The Court of Appeals vacated the attorney fee award. In so holding, the Court noted that §3148(1) establishes two prerequisites for fees: 1) the benefits must be overdue, which means "not paid within 30 days after the insurer receives reasonable proof of the fact and of the amount of loss sustained" and 2) the insurer must have "unreasonably refused to pay the claim or unreasonably delayed in making proper payment."

Specifically, the Court of Appeals disagreed with the trial court's finding that Farm Bureau's refusal to pay plaintiff PIP benefits was unreasonable. The Court said:

"[W]e conclude that the circuit court's attorney-fee award was based on factual findings that were clearly erroneous. In essence, the circuit court concluded that Dr. Oney-Marlow's opinion was unbelievable. However, Michigan law is clear in this regard — an insurer is not required to reconcile competing or conflicting medical opinions. ... Rather, an insurer is required to 'evaluate [the] evidence as well as evidence supplied by the insurer's doctor before making a reasonable decision regarding whether to provide the benefits sought.'"

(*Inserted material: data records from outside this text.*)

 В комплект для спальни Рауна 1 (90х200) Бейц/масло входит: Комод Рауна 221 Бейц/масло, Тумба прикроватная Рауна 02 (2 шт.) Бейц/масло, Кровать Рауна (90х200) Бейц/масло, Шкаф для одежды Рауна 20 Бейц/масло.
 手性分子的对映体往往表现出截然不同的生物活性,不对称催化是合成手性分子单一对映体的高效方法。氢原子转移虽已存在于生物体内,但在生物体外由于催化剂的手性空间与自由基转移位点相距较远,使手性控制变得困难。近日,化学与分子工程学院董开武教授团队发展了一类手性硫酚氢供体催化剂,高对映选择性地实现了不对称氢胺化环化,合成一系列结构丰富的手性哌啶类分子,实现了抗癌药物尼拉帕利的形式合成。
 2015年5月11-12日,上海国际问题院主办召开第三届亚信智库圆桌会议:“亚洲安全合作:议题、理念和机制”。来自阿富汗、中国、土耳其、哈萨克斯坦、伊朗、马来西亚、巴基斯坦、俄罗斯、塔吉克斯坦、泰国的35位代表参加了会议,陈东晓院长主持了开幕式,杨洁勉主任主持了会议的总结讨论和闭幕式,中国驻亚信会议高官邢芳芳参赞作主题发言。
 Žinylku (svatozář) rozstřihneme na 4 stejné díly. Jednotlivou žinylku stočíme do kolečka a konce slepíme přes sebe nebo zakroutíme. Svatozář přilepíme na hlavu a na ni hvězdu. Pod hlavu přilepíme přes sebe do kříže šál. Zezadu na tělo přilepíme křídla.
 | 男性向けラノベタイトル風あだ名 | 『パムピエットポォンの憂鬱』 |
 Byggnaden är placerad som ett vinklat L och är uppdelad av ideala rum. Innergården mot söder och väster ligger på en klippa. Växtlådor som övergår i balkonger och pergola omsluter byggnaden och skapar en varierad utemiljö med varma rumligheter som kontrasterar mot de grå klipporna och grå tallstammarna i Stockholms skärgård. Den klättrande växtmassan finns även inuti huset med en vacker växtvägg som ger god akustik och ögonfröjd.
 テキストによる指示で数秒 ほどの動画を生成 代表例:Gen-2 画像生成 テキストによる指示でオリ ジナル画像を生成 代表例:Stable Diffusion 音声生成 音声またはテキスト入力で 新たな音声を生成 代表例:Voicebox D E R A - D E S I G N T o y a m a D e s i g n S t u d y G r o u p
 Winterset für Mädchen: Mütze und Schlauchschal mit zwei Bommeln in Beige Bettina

The Court of Appeals explained that Farm Bureau relied on Dr. Oney-Marlow's opinion that plaintiff suffered a cervical and lumbar strain and that this conclusion, along with the conflicting results from the exams performed by other doctors, created a reasonable basis to deny plaintiff's claim for attorney fees. The Court stated:

"While it is certainly apparent that the circuit court was not a fan of Dr. Oney-Marlow, its feelings in this regard are not objectively supported by the record. Instead, the record reflects sufficient conflicting medical documentation to support Farm Bureau's decision to deny plaintiff's claim. Thus, the circuit court clearly erred in finding Farm Bureau's denial unreasonable and, therefore, abused its discretion in awarding plaintiff attorney fees."


Michigan auto accident attorney Stephen Sinas is the lead editor of the appellate case summaries published on this site regarding the Michigan auto insurance law. To learn more about how Stephen Sinas and how the Sinas Dramis Law Firm can help you if you have been injured in a Michigan auto accident, visit SinasDramis.com.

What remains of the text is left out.